As Canadians yearn for an end to the COVID-19 pandemic and a time they can once again hug their elderly loved ones or gather in large groups without fear of infection, many are pinning their hopes on unprecedented global efforts to develop a vaccine against the virus.
But even though most infectious disease experts say the earliest possible timeframe would be at least a year or two away, anti-vaccination groups are already well into online and social media campaigns stoking doubts about the safety — and even questioning the necessity — of a coronavirus vaccine.
“I just am astonished at how early the anti-vaccine narrative has started,” Dr. Natasha Crowcroft, a vaccine expert at the University of Toronto’s Dalla Lana School of Public Health, said in an interview with CBC’s The Dose health podcast.
“We are really facing a major, major challenge,” Crowcroft told podcast host Dr. Brian Goldman.
“And unless our public health leaders can generate a lot of trust, it’s going to be very, very difficult.”
That’s because anti-vaccination groups have become extremely savvy communicators and “seem to be much better” than public health experts at reaching out to a variety of people with different ideologies — from those who distrust pharmaceutical companies to those protesting public health lockdowns aimed at curbing the spread of coronavirus, Crowcroft said.
Anti-vaccination groups in both Canada and the U.S. are positioning themselves as advocates for what they call “personal freedoms” and “medical choice” in the midst of the coronavirus pandemic — posting content online and on social media that not only targets vaccination, but also protests the closure of businesses, physical distancing requirements and the wearing of masks.
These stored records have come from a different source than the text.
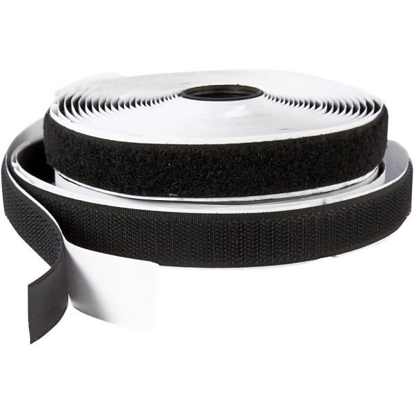 Klitteband haak en lussluiting, b: 20 mm, zwart, Zelfklevend, 5m [HOB-41021]
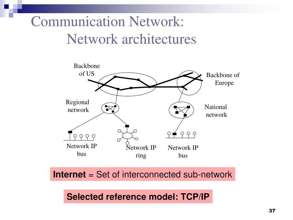 Backbone of US Backbone of Europe Regional network National network Network IPbus Network IPbus Network IPring Communication Network: Network architectures Internet = Set of interconnected sub-network Selected reference model: TCP/IP
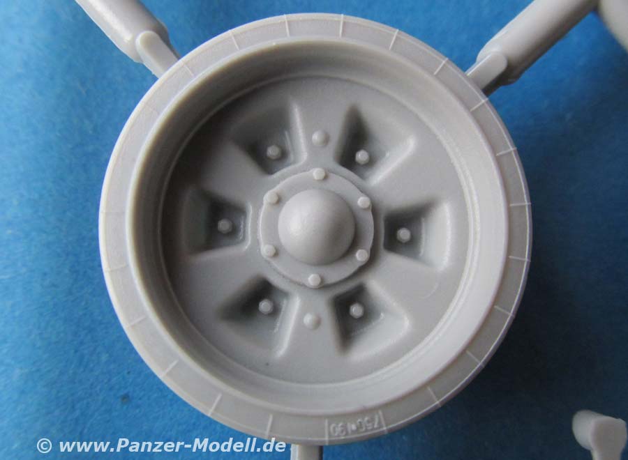 Auch die Laufrollen lassen das Herz höher schlagen, denn die Darstellung der Felge und dteails ist ganz hervorragend, denn auch so feine markierungen wie auf der Seite der Gummibandagen sind dargestellt. Zwar irrtieren die segmentierenden Nähte auf den Gummierungen, denn diese kann man auf Vorbildfotos nicht erkennen, aber die Feinheit lässt darauf schließen, dass sie am Original auch nur bei naher Betrachtung und bei neuen Laufrollen sichtbar wären.
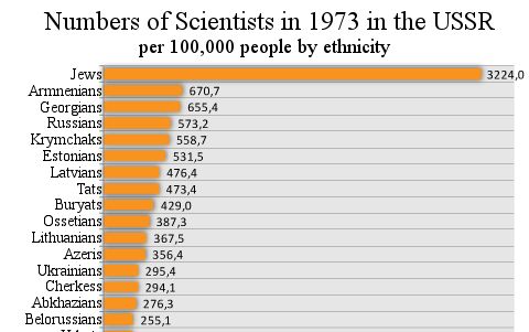 Not surprisingly, the #1 most scientific ethnicity in the Soviet Union were the Jews and the very last group were the Gypsies, with Gypsies producing about 1/500th as many professional scientists per capita as Jews.

Vaccine Choice Canada — one of the most high-profile anti-vaccination organizations in this country, announced in a letter posted to its website on May 13 that it was “launching legal action against the Government of Canada and others for violating our rights and freedoms during the COVID-19 outbreak.”
In a June 18 episode of Digi-Debates posted on YouTube, the president of Vaccine Choice Canada, Ted Kuntz, claimed that COVID-19 was no more deadly than influenza — and argued that a vaccine was unnecessary.
But infectious disease and public health experts widely agree that COVID-19 is far more lethal than the flu. According to the Public Health Agency of Canada, more than 8,500 deaths in Canada have been related to COVID-19. Based on the agency’s most recent available data, deaths from influenza were far fewer. The 2018-19 flu season claimed the lives of 224 people, while just over 300 people died of influenza in the 2017-18 season.
CBC reached out to Vaccine Choice Canada via its media relations email address and also sent a Facebook message to Kuntz inviting him to comment further but did not receive a response before deadline.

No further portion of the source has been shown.